• - Survivre

    Écrire, avec mon corps, mon cœur et mon âme. Chercher dans tout ce blanc immaculé de l'écran, le dépassement. Me dépasser, franchir quelque frontière que ce soit, trouver de nouvelles façons de penser, de voir, de ressentir la vie qui oeuvre en moi.

    Je sais qu'il y a une façon noire de regarder le monde, mon regard s'est nourri de ténèbres durant tant d'années que mes yeux étaient noirs. Ils étaient de la même nature que la souffrance de la terre. 

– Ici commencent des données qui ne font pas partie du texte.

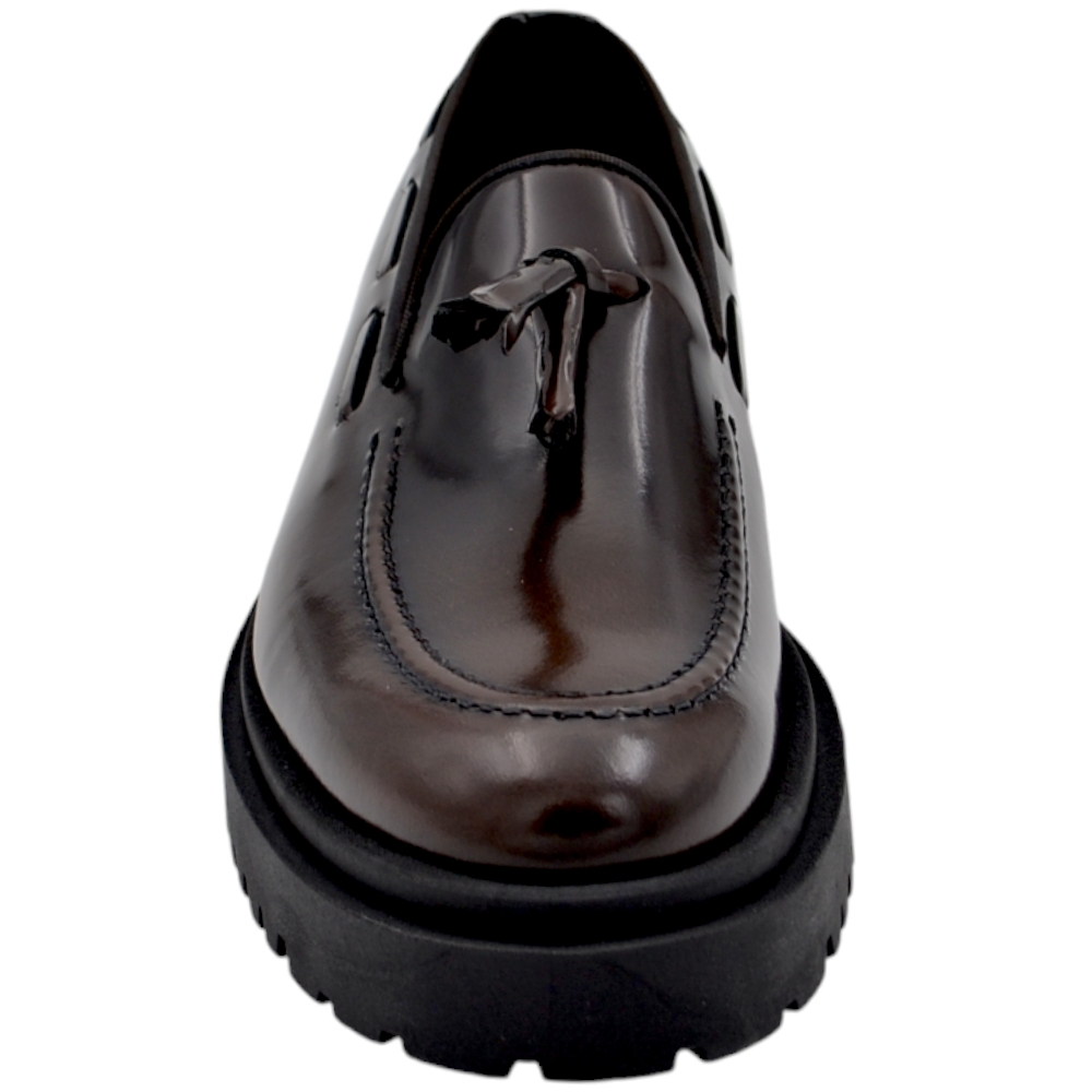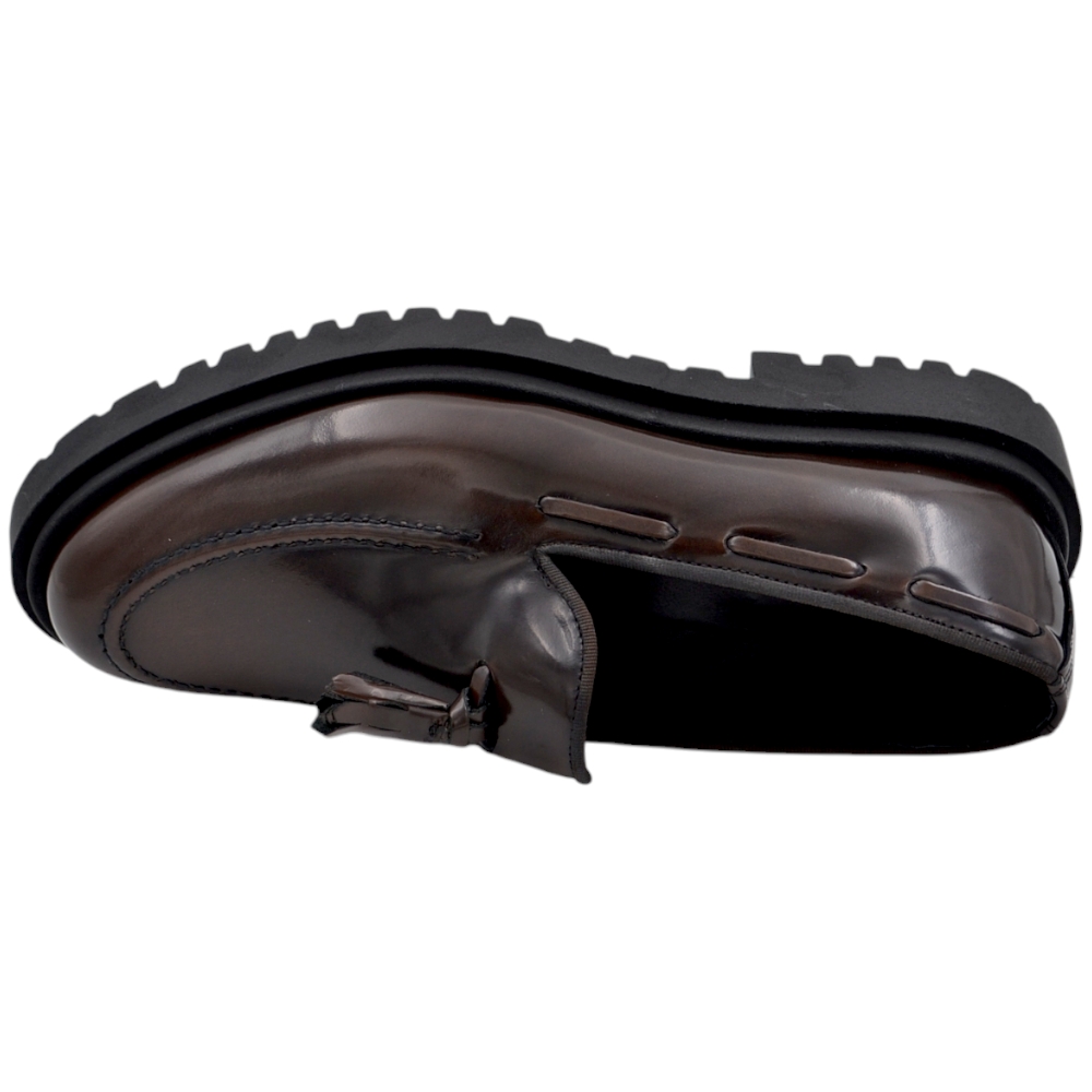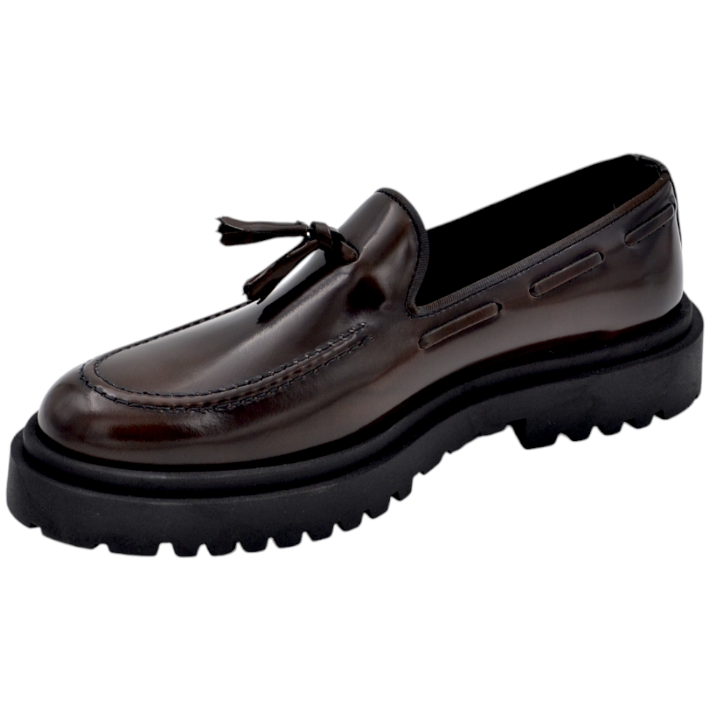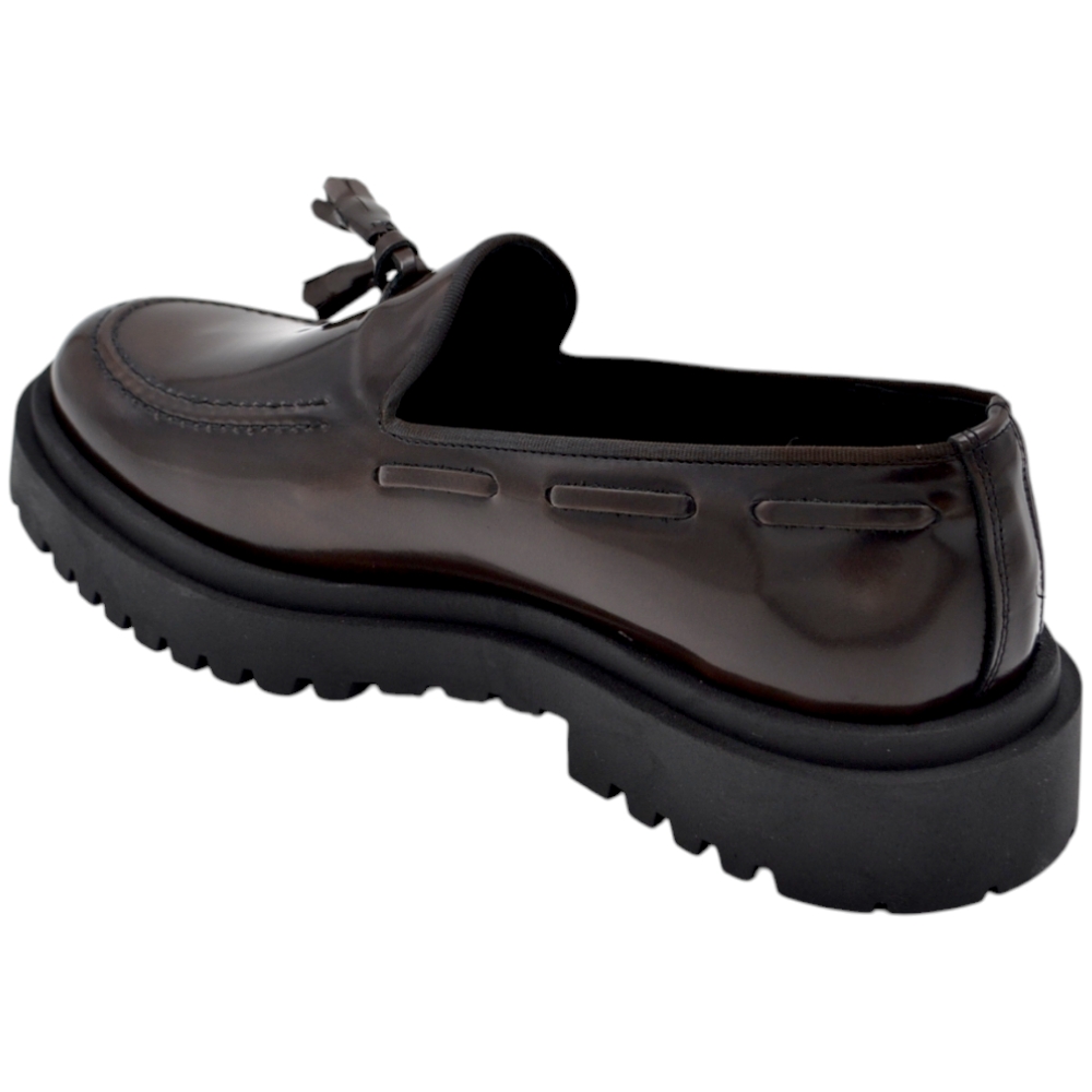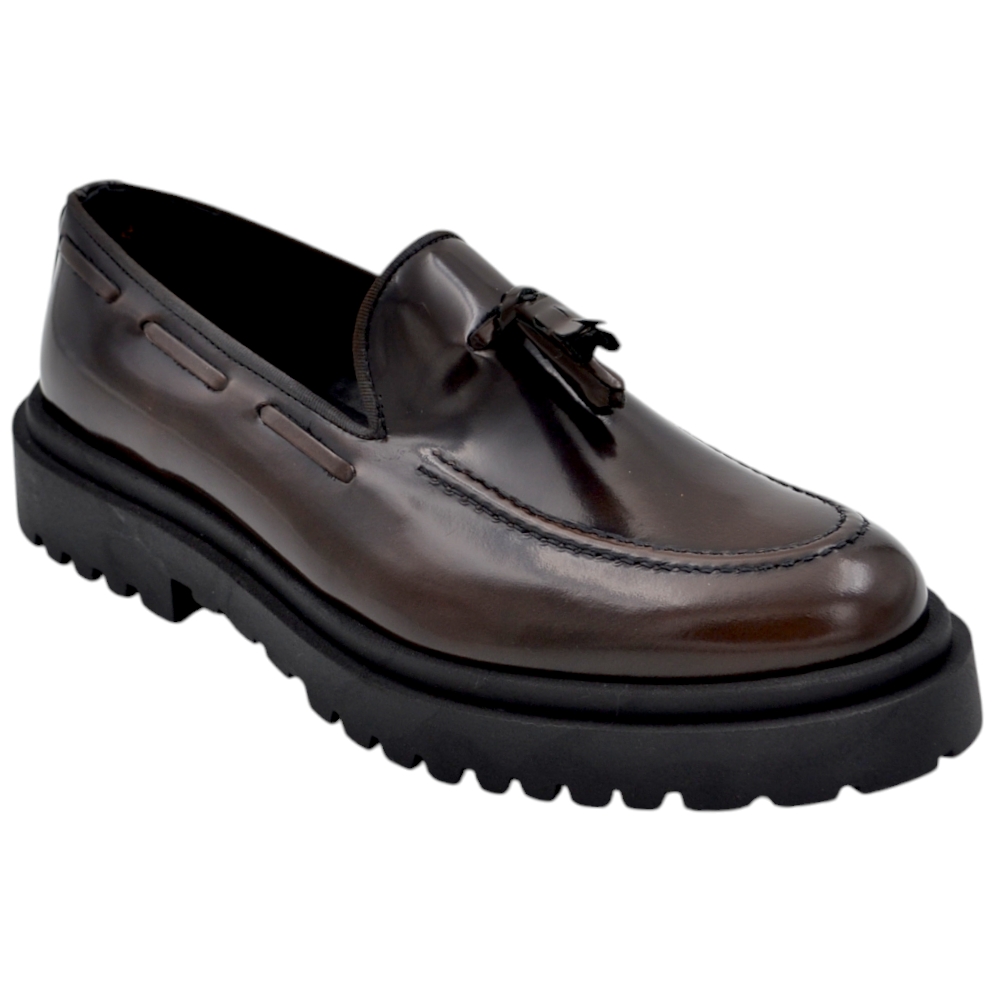 Scarpa mocassino uomo LS frangia vera pelle bottolata testa di moro cucita a mano fondo cuoio antiscivolo centrale .
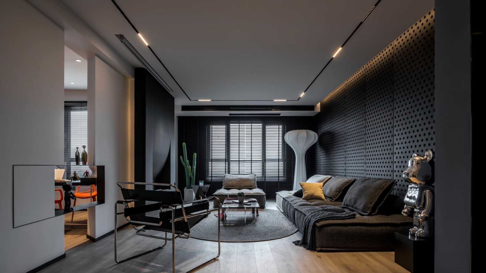 沙发墙的材质,赋予黑色别样的魅力。

    Je me suis traîné la carcasse comme si j'étais un zombie, ni complètement décédé, ni complètement vivant. Rien que mon souffle et moi. Presque aucune pensée, encore moins de désir et d'envie, alors évidemment, de trouver un sens à ma vie était une chose inimaginable. La dépression est unipolaire, il me semble qu'il n'y a que l'attrait de la mort qui agit durant la dépression. Des mots comme destruction, affaissement, abandon, découragement, violence, colère, terreur et annihilation seraient perçus comme des verbes lumineux de la situation d'alors. Des mots comme vide, chaos, insensibilité,  déconnexion, indifférence et mort seraient plus proche de la réalité pour décrire cet état de léthargie dans lequel je me trouvais et dans lequel se retrouve pas mal de gens en fait. Les dépressifs surtout, les suicidaires ensuite. J'étais tétanisé, paralysé, figé dans un bourbier putride d'où émanait l'inutilité de vivre. Victime de la dépression, je sombrais dans l'au-delà. 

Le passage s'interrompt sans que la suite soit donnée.